# Bringing items to Australia



## DencioV (Dec 3, 2016)

Hello to everyone,

I am not quite sure where this topic fits in so here goes.

I am from the Philippines and I will be moving to Sydney via a 457 visa, I've done my homework about what and what not to bring and I'm still not quite sure about the items I will be bringing! I appreciate if anybody can point out some of the items I may bring that is not allowed. So here's a list of some of it.
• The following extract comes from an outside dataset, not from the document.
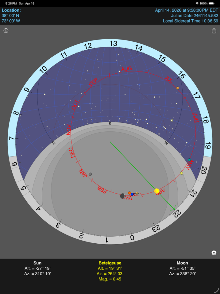 - The time arrow will follow your finger as you drag it around the screen. Use this to quickly check the rise, transit and set times of objects, or to see what the sky will look like at different

Coffee Press(Glass body, Stainless Steel top)
Stainless Steel Mug
Coffee Beans
Burr Grinder(Plastic Body)
Instant Coffee Powder


Regards,


----------



## francofunghi (Jan 5, 2017)

Just don't carry it in your hand luggage


----------



## JandE (Jul 17, 2015)

DencioV said:


> Hello to everyone,
> 
> I am not quite sure where this topic fits in so here goes.
> 
> ...


If you have ANY food at all, in *any *of your baggage, make sure you declare it.

I have brought 3in1 coffee, Nagaraya Nuts, and other pre packed commercial food, from the Philippines. Declared it every time, and no problems.
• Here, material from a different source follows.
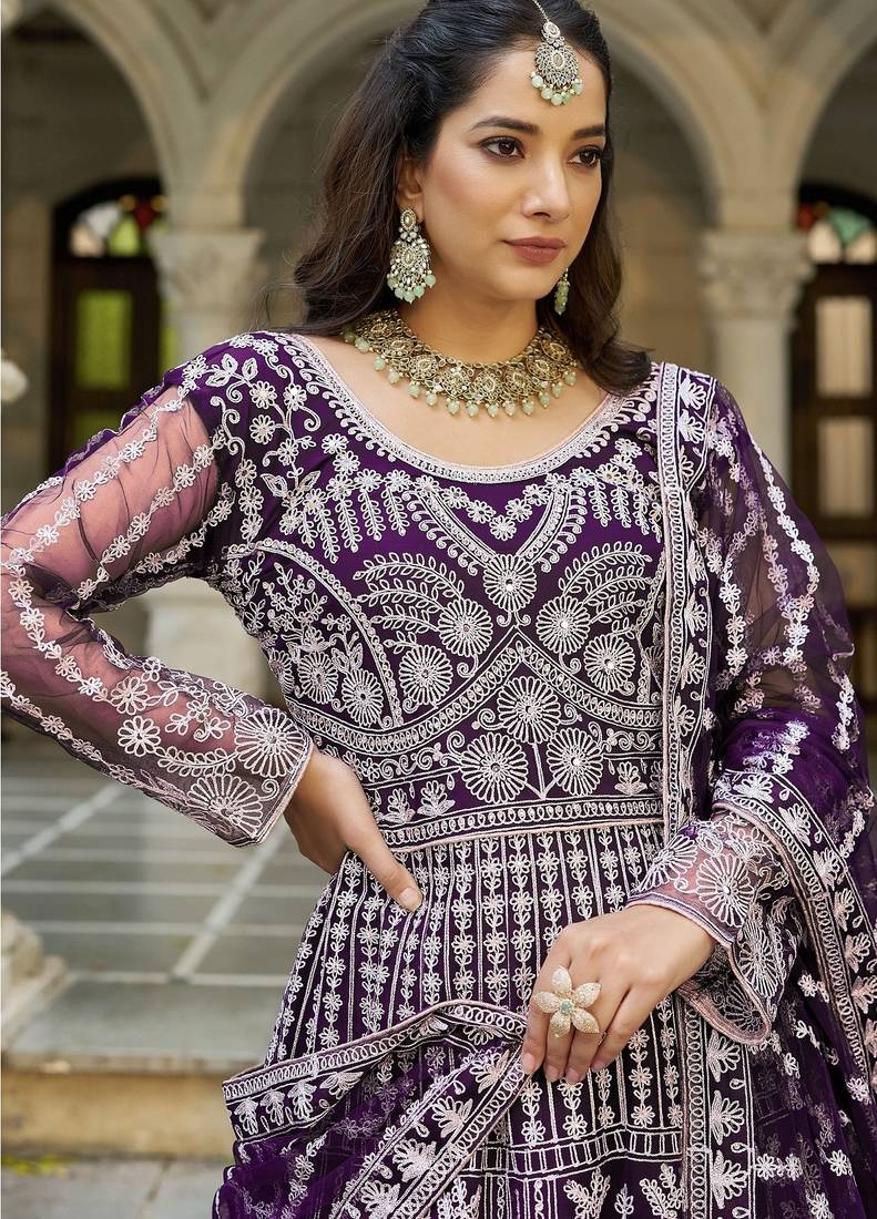 | Product Name | Purple Dori Stonw Work Net Fabric Full Stitched Wedding Party Wear Anarkali Gown Salwar Suit With Net Dupatta | |

If they decide it isn't allowed, they take it and destroy it.
It's only if you do not declare that they fine you.


----------



## rajrai (Mar 26, 2014)

Any consumable item should be declared specially , meat , dairy and nuts produce. I am not an expert but coffee beans might fall under that category , so the best step it to declare it. Except for drugs you can bring anything into Australia as long as you declare it , if the customs offical gives you a green light you can keep it, if they dont you will still be okay and not face a fine. Failure to declear will leave you with a hefty fine.


----------



## pndaccountants (May 14, 2016)

Restrictions on taking gel, liquid or dangerous items on an aircraft.


----------



## sweetnovember (Nov 10, 2015)

Just declare any food items. Undeclared food items will definitely confiscated.


----------



## Polrena (May 5, 2017)

I can't post links yet, but you should be able to check the Australian Government's Agriculture website, and find the information on travelling. You can make inquiries directly to them about what you can and can't bring. Hope this helps!


----------